Text Mining the Coffin Texts

Text Mining the Coffin Texts (TM-CT) is a project financed by the Spanish Ministry for Science, Innovation and Universities, which runs at the University of Alcalá (2024-2026).


The main objective of the TM-CT project is to link the MORTEXVAR database with the images from the reference publication of the hieroglyphic version of this corpus (CT I-VIII). TM-CT will provide open access to the full database of the Coffin Texts corpus, with - expectedly - all text variants available in transliteration (alphabetic chain) and translation into modern language(s).

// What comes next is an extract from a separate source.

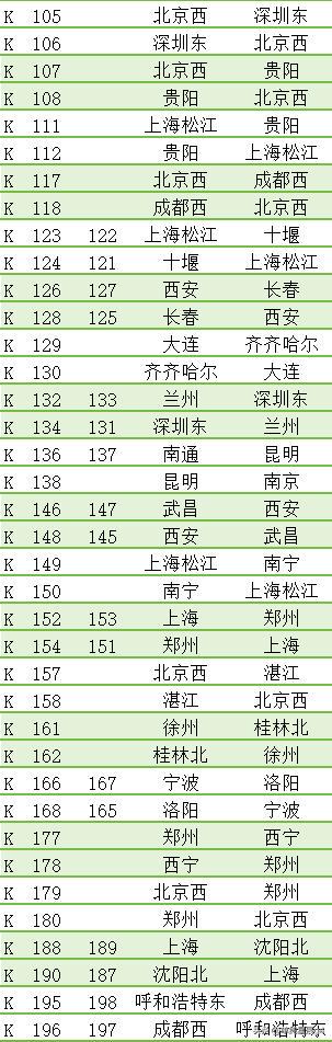 其中包括临客列车转变为图定列车,缩线改线延长线,缩短线等,包括海拉尔、太原、贵阳、福州、呼和浩特增开的多趟列车,这些列车扩大了普速列车的开行范围,让更多的城市之间可以实现列车直达。如呼和浩特至福州、重庆至喀什等列车都是两地间唯一一对列车。

More specifically, TM-CT will seek to

1. Trace the text variability of the whole corpus through the linking of the material philological information already in place (transliteration, translation, in-document location, geographical and chronological distribution of the texts) with the original publication of the hieroglyphic texts (images).
2. Refine the study of the variations on the different witnesses by using the database to potentially identify textual, dialectal, diachronic and grammar indicators of change.
3. Generate inventories of spellings/signs using the OCR toolkit designed by the subproject OCR-PT-CT.

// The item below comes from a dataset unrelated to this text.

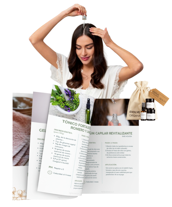 También incorpora contenido de nivel intermedio y avanzado, para que puedas progresar, dominar la formulación capilar y crear tus propios productos aunque nunca antes hayas hecho cosmética natural.
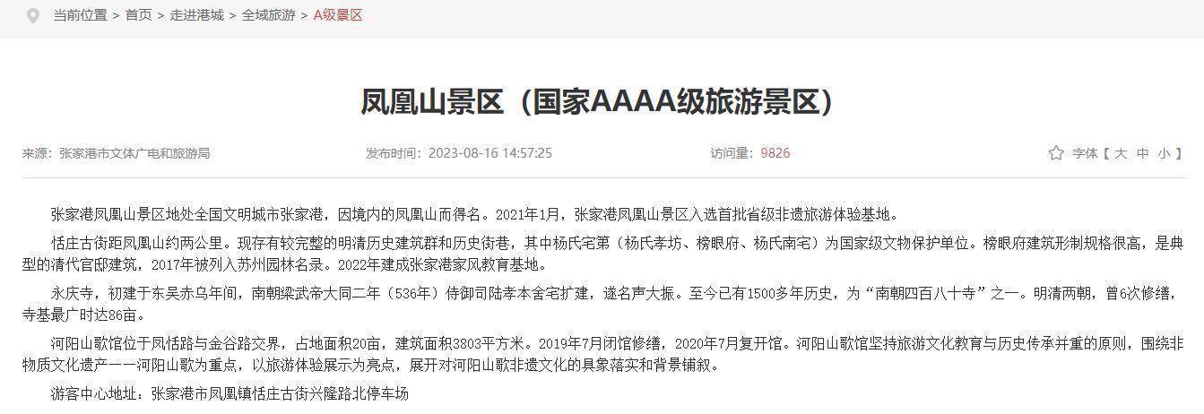 据张家港市东说念主民政府官网先容,凤凰山景区是国度4A级旅游景区,2021年1月,张家港凤凰山景区入选首批省级非遗旅游体验基地。永庆寺位于凤凰山上,初建于东吴赤乌年间,南朝梁武帝大同二年(536年)侍御司陆孝本舍宅扩建,遂名声大振。于今已有1500多年历史,为“南朝四百八十寺”之一。明清两朝,曾6次修缮,寺基最广时达86亩。

Earlier Ancient Egyptian mortuary texts constitute a privileged showcase for the profound ideological and material changes that occurred during the Middle Kingdom, especially between the second half of the Eleventh Dynasty and the first half of the Twelfth Dynasty. A corpus-driven approach appears as the more efficient and reliable method to provide a comprehensive assessment of the complex situation of the period. In such an approach, the corpus is not a mere object under study but also a control group; this, most importantly, implies that the corpus’ assessing value is privileged over any external model. Fundamental to corpus-driven approaches is corpus size and access to it. Earlier Ancient Egyptian mortuary texts are an ideal candidate because they include two large corpora: the authoritative editions of the Pyramid Texts (PT) and Coffin Texts (CT), which extend over six and seven volumes, respectively, plus one volume for the copies of PT on Middle Kingdom coffins. TM-CT will focus on the CT, an important amount of which is now available from the MORTEXVAR database beta version. This dataset will be enriched with the image dataset from the OCR-PT-CT and TTAE projects using a pre-trained artificial neural network based on the YOLO v3 strategy and Natural Language Process techniques.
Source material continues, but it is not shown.